- _Available data_
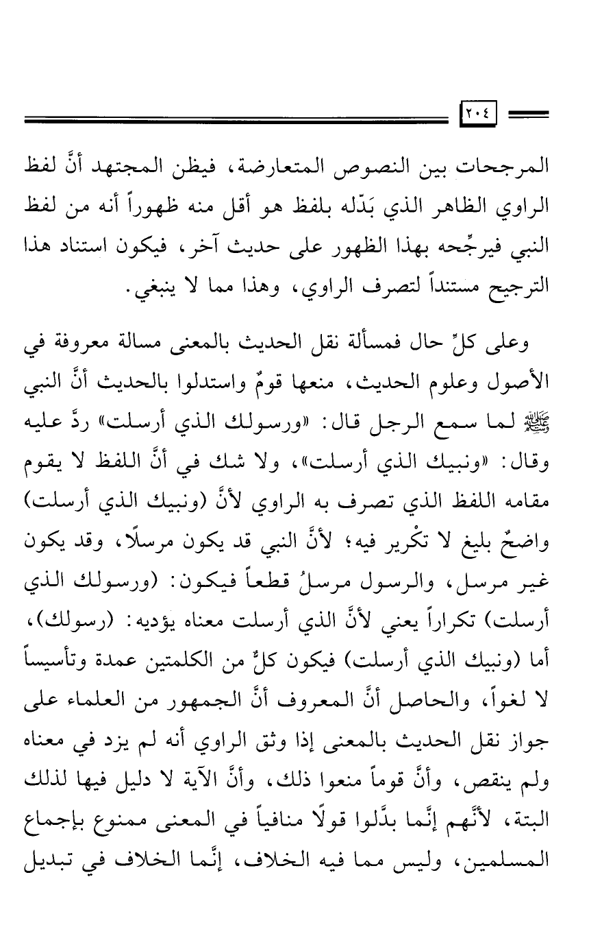 وعلى كلِّ حال فمسألة نقل الحديث بالمعنى مسألة معروفة في الأصول وعلوم الحديث، منعها قومٌ واستدلوا بالحديث أنَّ النبي - صلى الله عليه وسلم - لما سمع الرجل قال: "ورسولك الذىِ أرسلت" ردَّ عليه وقال: "ونبيك الذي أرسلت"، ولا شك في أنَّ اللفظ لا يقوم مقامه اللفظ الذي تصرف به الراوي لأنَّ (ونبيك الذي أرسلت) واضحٌ بليغ لا تكْرير فيه؛ لأنَّ النبي قد يكون مرسلا، وقد يكون غير مرسل، والرسول مرسلُ قطعًا فيكون: (ورسولك الذي أرسلت) تكرارًا يعني لأنَّ الذي أرسلت معناه يؤديه: (رسولك)، أما (ونبيك الذي أرسلت) فيكون كلُّ من الكلمتين عمدة وتأسيسًا لا لغوًا، والحاصل أنَّ المعروف أنَّ الجمهور من العلماء على جواز نقل الحديث بالمعنى إذا وثق الراوي أنه لم يزد في معناه ولم ينقص، وأنَّ قومًا منعوا ذلك، وأنَّ الآية لا دليل فيها لذلك البتة، لأنَّهم إنَّما بدَّلوا قولا منافيًا في المعنى ممنوع بإجماع المسلمين، وليس مما فيه الخلاف، إنَّما الخلاف في تبديل
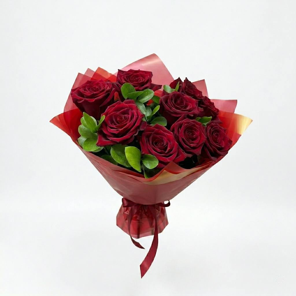 Букет с красными розами и рускусом
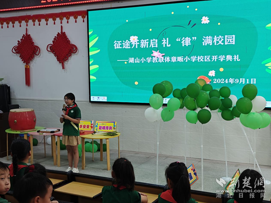 湖山小學(xué)教聯(lián)體章畈小學(xué)校區(qū),師生們齊聚學(xué)校報(bào)告廳,舉行“征途開(kāi)新啟,禮“律”滿校園”為主題的開(kāi)學(xué)典禮。
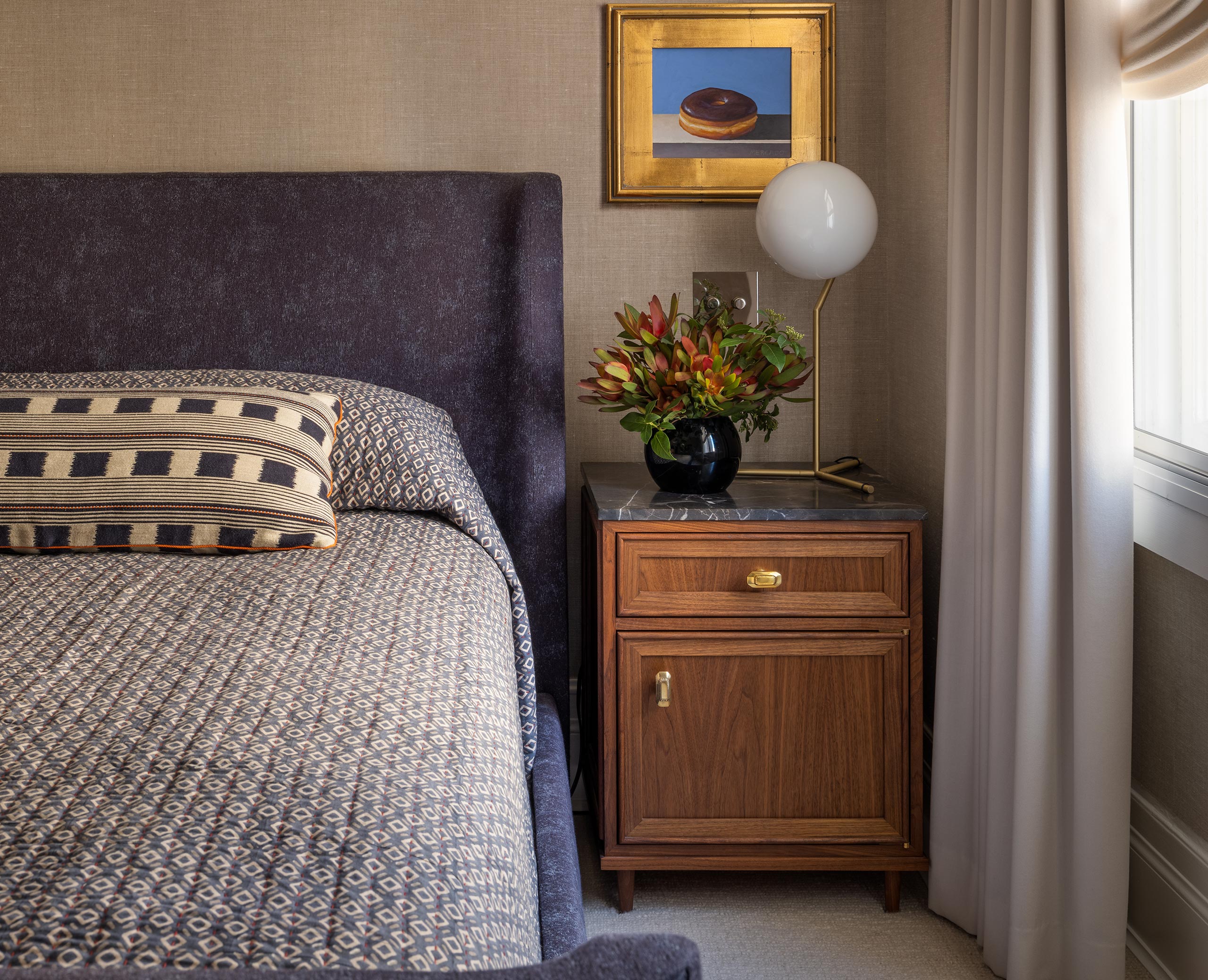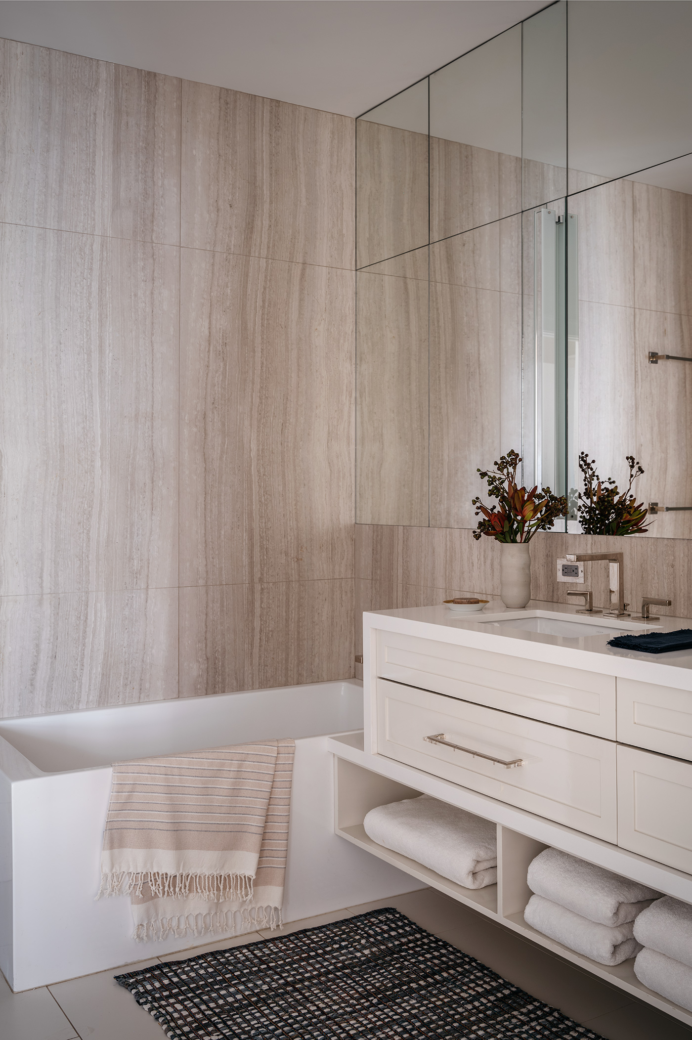 The result is a serenely luxurious layering of rich textures and subtle patterns conveying calmness and elegance within the heart of the city. We think it’s breathtaking, and our clients love their new home.
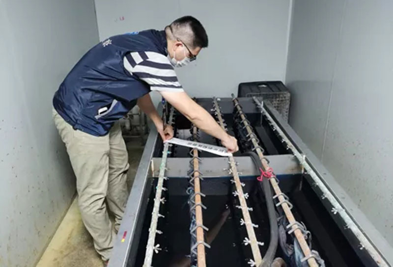 檢查發現,該作坊主要從事五金電鍍業務,現場未能提供工商營業執照,也沒有相關環保審批、驗收手續。該電鍍作坊是一間置於民房天台的單層活動板房,有黑色網布遮掩,板房的加工區域設有三重門禁,電鍍工序設置在最內層的密室中。執法人員進入密室後,發現兩條正在工作的電鍍槽。
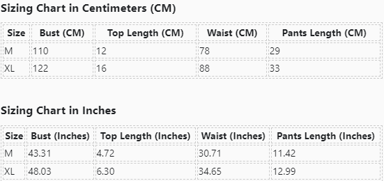 | Size | Bust (CM) | Top Length (CM) | Waist (CM) | Pants Length (CM) |
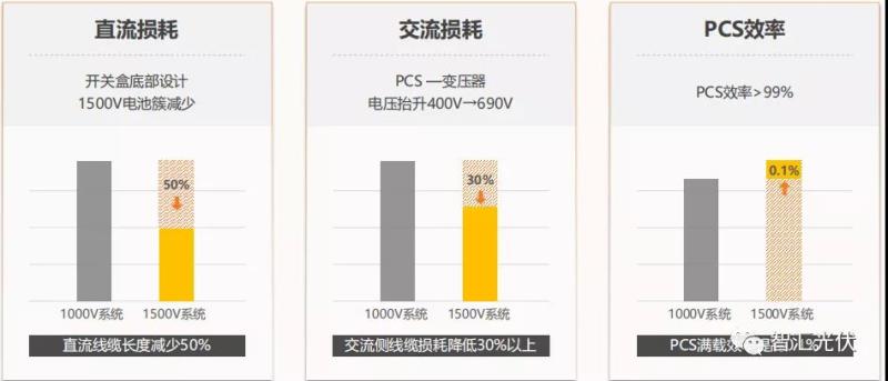 陽光電源的工程師算了一筆賬。當(dāng)儲能系統(tǒng)從1000V提高到1500V,
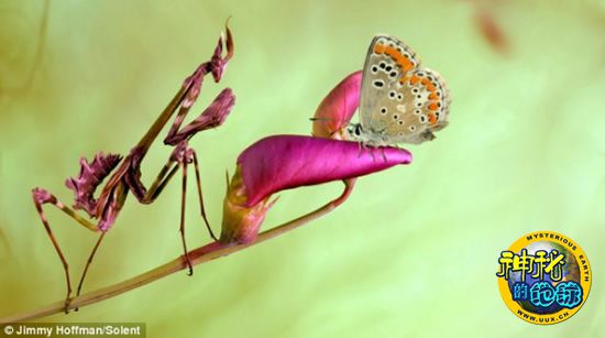 西班牙野生生物摄影师吉米-霍夫曼(Jimmy Hoffman)在自家后院捕捉到一组令人不可思议的螳螂特写镜头。在这组镜头中,螳螂看上去像是来自另一个星球的生物,它们能完全融入周围环境中,等待时机向猎物发起攻击。
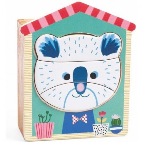 Découvrez le puzzle en bois Face mix de Djeco, vous devez reconstituer 5 frimousses de mignons animaux colorés. Chaque visage se compose de 3 pièces, vous devez refaire les visages de différents animaux sur une jolie boite en bois en forme de maison, un blaireau, un ours, un chat, un koala, un tigre et un cochon.

- _What to produce_
Your task is to transcribe all of the records precisely, with no images included.

- _Reply to the exercise_
 وعلى كلِّ حال فمسألة نقل الحديث بالمعنى مسألة معروفة في الأصول وعلوم الحديث، منعها قومٌ واستدلوا بالحديث أنَّ النبي - صلى الله عليه وسلم - لما سمع الرجل قال: "ورسولك الذىِ أرسلت" ردَّ عليه وقال: "ونبيك الذي أرسلت"، ولا شك في أنَّ اللفظ لا يقوم مقامه اللفظ الذي تصرف به الراوي لأنَّ (ونبيك الذي أرسلت) واضحٌ بليغ لا تكْرير فيه؛ لأنَّ النبي قد يكون مرسلا، وقد يكون غير مرسل، والرسول مرسلُ قطعًا فيكون: (ورسولك الذي أرسلت) تكرارًا يعني لأنَّ الذي أرسلت معناه يؤديه: (رسولك)، أما (ونبيك الذي أرسلت) فيكون كلُّ من الكلمتين عمدة وتأسيسًا لا لغوًا، والحاصل أنَّ المعروف أنَّ الجمهور من العلماء على جواز نقل الحديث بالمعنى إذا وثق الراوي أنه لم يزد في معناه ولم ينقص، وأنَّ قومًا منعوا ذلك، وأنَّ الآية لا دليل فيها لذلك البتة، لأنَّهم إنَّما بدَّلوا قولا منافيًا في المعنى ممنوع بإجماع المسلمين، وليس مما فيه الخلاف، إنَّما الخلاف في تبديل
 Букет с красными розами и рускусом
 湖山小學(xué)教聯(lián)體章畈小學(xué)校區(qū),師生們齊聚學(xué)校報(bào)告廳,舉行“征途開(kāi)新啟,禮“律”滿校園”為主題的開(kāi)學(xué)典禮。
 The result is a serenely luxurious layering of rich textures and subtle patterns conveying calmness and elegance within the heart of the city. We think it’s breathtaking, and our clients love their new home.
 檢查發現,該作坊主要從事五金電鍍業務,現場未能提供工商營業執照,也沒有相關環保審批、驗收手續。該電鍍作坊是一間置於民房天台的單層活動板房,有黑色網布遮掩,板房的加工區域設有三重門禁,電鍍工序設置在最內層的密室中。執法人員進入密室後,發現兩條正在工作的電鍍槽。
 | Size | Bust (CM) | Top Length (CM) | Waist (CM) | Pants Length (CM) |
 陽光電源的工程師算了一筆賬。當(dāng)儲能系統(tǒng)從1000V提高到1500V,
 西班牙野生生物摄影师吉米-霍夫曼(Jimmy Hoffman)在自家后院捕捉到一组令人不可思议的螳螂特写镜头。在这组镜头中,螳螂看上去像是来自另一个星球的生物,它们能完全融入周围环境中,等待时机向猎物发起攻击。
 Découvrez le puzzle en bois Face mix de Djeco, vous devez reconstituer 5 frimousses de mignons animaux colorés. Chaque visage se compose de 3 pièces, vous devez refaire les visages de différents animaux sur une jolie boite en bois en forme de maison, un blaireau, un ours, un chat, un koala, un tigre et un cochon.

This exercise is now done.